Last year saw the emergence of well-known Wall Street investors like Paul Tudor Jones and Stanley Druckenmiller betting on bitcoin. Some asset managers have also allocated a small portion of their portfolios to the cryptocurrency, seeking to get some exposure to its wild gains.

Strategists at JPMorgan have said bitcoin could surge as high as $146,000 in the long term as it competes with gold as a safe-haven asset. They also noted, however, that bitcoin would have to become substantially less volatile to reach this price.

Digital currencies are notoriously volatile.
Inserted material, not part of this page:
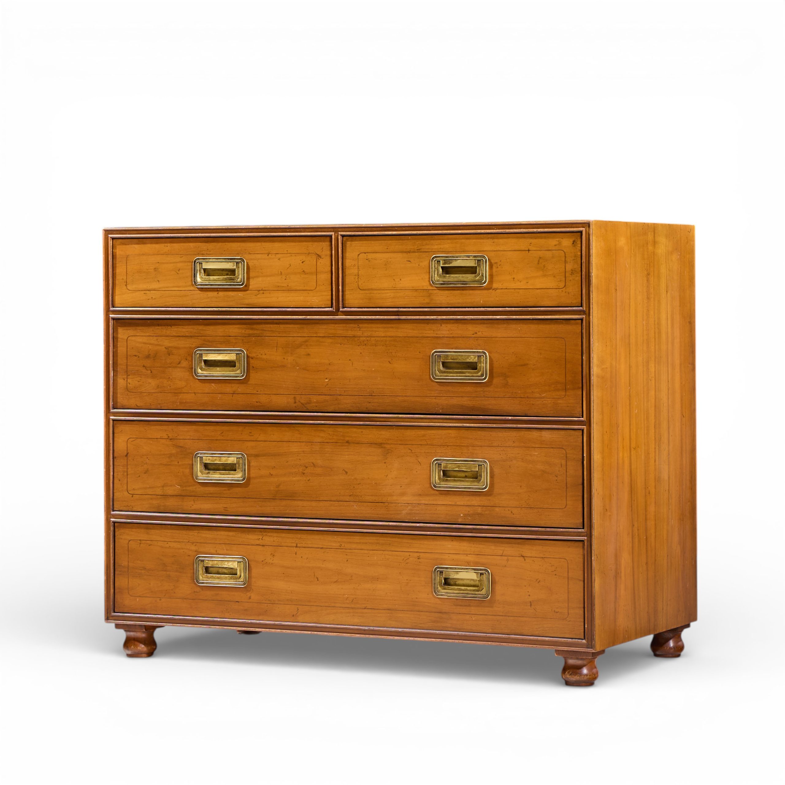 Baker Cherry and Brass Campaign 5 Drawer Dresser
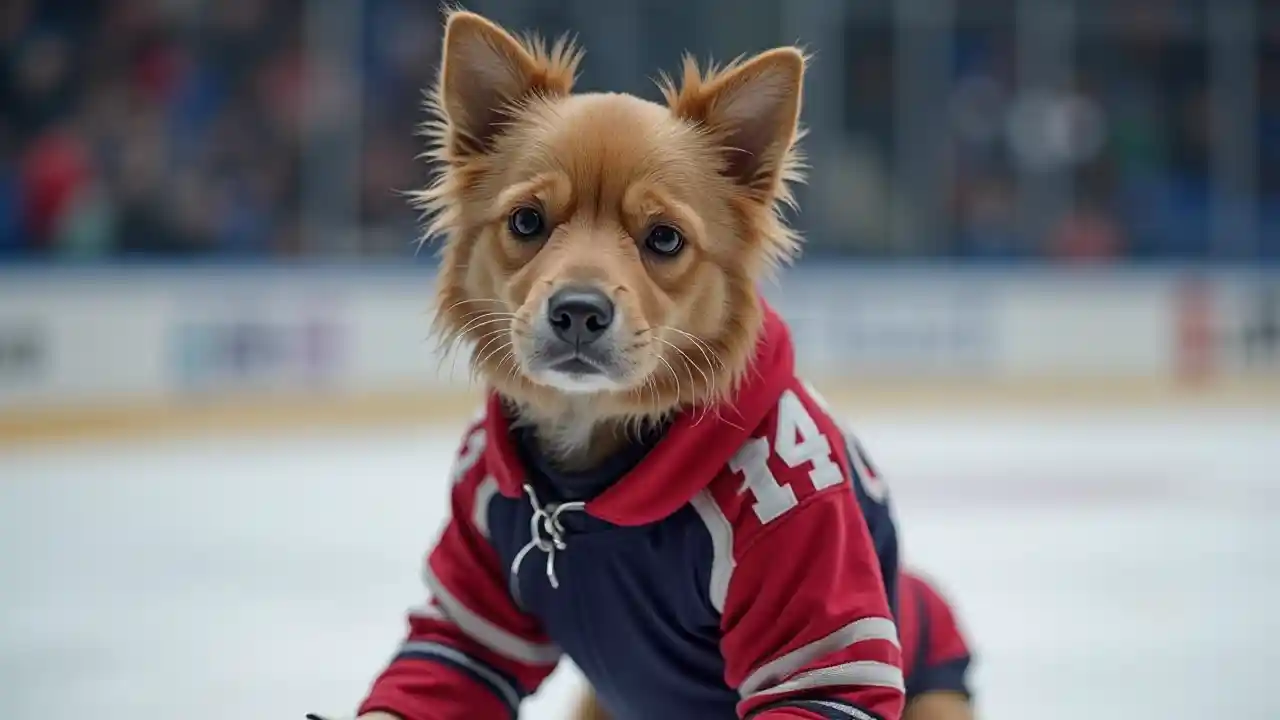 Mbwa Akiwa Amevaa Nguo za Hockey

The last time bitcoin had a rally similar to this was in 2017, when it soared close to $20,000 a coin before crashing as low as $3,122 the following year. Skeptics, such as stockbroker Peter Schiff and economist Nouriel Roubini, view bitcoin as a speculative asset and a market bubble likely to burst.

A big question among investors has been how to value bitcoin. Bitcoin isn't like a stock, which has traditional metrics for figuring out whether it is overpriced or undervalued. The cryptocurrency has a market value of more than $600 billion, and this is calculated by multiplying the price by the total number of coins in circulation.

"That can give you some long-run equilibrium," Currie said. But he added that the level of volatility and uncertainty in the market "makes it very difficult to forecast it."